— Task to carry out —
Report how many lines of the data contain the string "that". Add nothing.

— Exercise materials —

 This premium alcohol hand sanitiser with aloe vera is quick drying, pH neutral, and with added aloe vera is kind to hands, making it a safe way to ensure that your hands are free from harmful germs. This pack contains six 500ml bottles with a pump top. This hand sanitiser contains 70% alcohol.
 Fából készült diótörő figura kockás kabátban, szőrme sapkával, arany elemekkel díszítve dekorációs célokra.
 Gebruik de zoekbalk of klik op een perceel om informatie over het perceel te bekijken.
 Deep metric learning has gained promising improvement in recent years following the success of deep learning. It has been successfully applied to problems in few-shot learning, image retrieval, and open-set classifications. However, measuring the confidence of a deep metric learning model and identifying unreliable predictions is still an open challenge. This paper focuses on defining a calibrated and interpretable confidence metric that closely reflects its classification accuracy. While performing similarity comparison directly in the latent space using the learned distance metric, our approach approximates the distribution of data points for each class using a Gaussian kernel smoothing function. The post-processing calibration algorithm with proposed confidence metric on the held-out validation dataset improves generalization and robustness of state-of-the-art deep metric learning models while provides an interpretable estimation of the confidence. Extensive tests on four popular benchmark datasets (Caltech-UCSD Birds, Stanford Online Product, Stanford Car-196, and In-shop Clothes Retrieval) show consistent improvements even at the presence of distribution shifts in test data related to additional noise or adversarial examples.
==
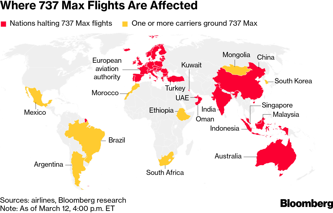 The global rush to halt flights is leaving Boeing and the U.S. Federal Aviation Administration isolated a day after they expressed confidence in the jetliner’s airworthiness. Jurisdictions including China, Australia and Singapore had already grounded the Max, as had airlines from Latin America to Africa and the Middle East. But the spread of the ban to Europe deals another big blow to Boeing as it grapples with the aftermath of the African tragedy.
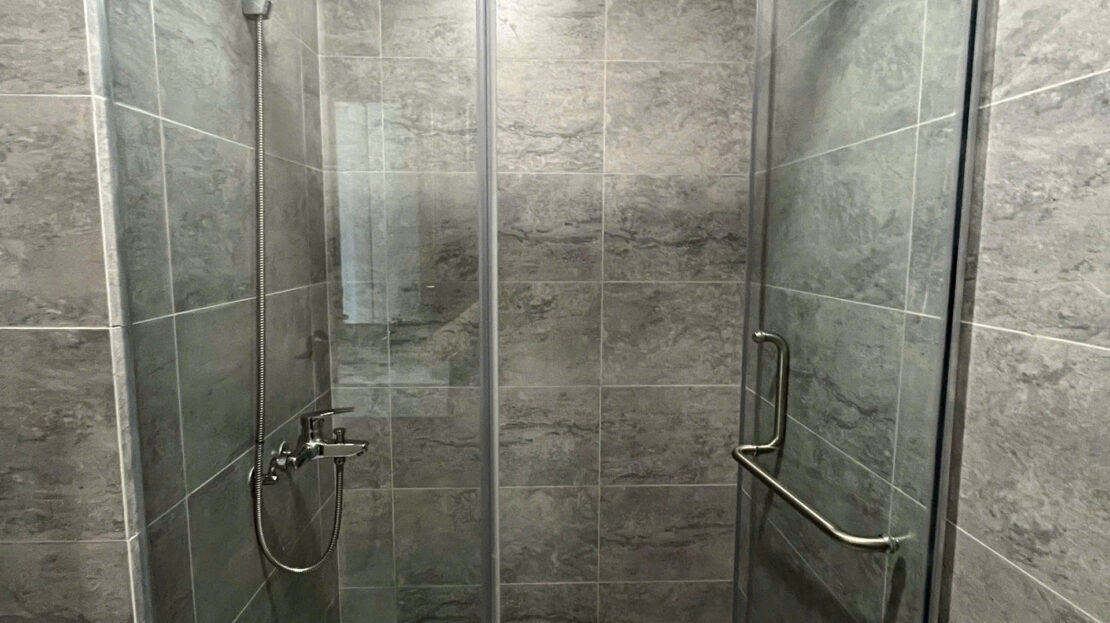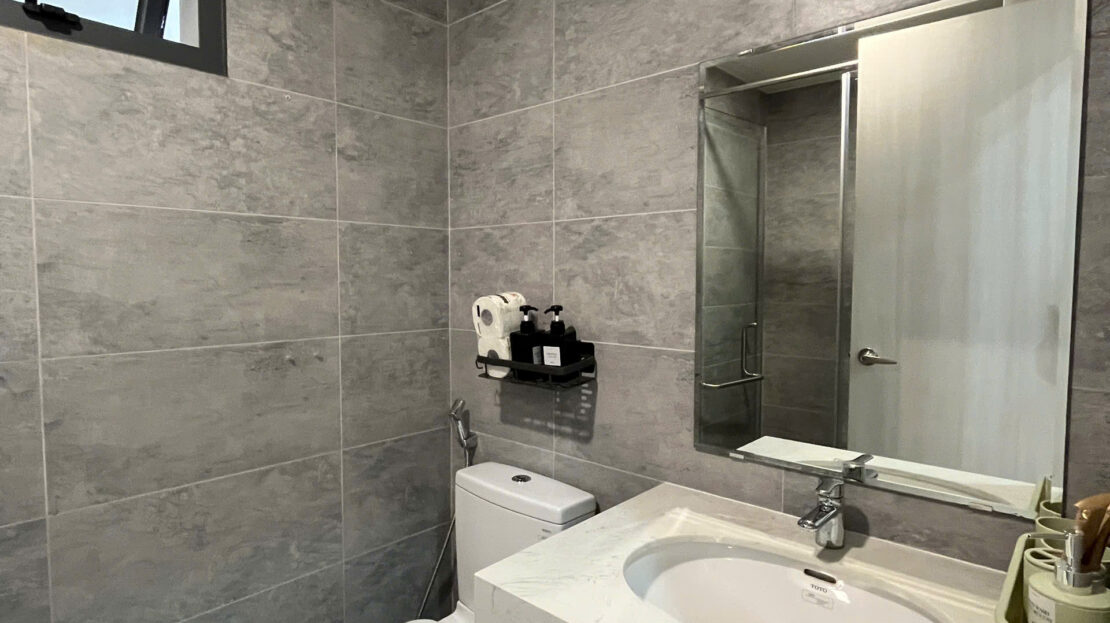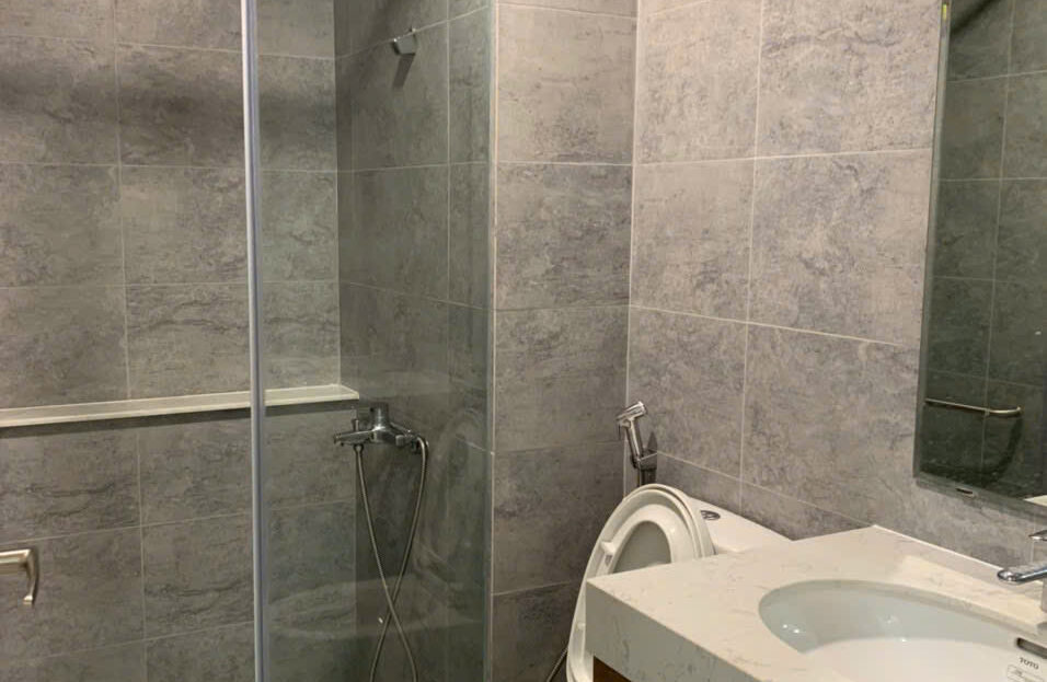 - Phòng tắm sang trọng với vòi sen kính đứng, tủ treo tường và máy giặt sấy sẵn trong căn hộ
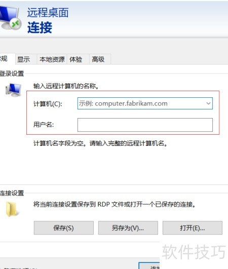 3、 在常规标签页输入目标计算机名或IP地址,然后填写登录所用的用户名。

— Written solution —
2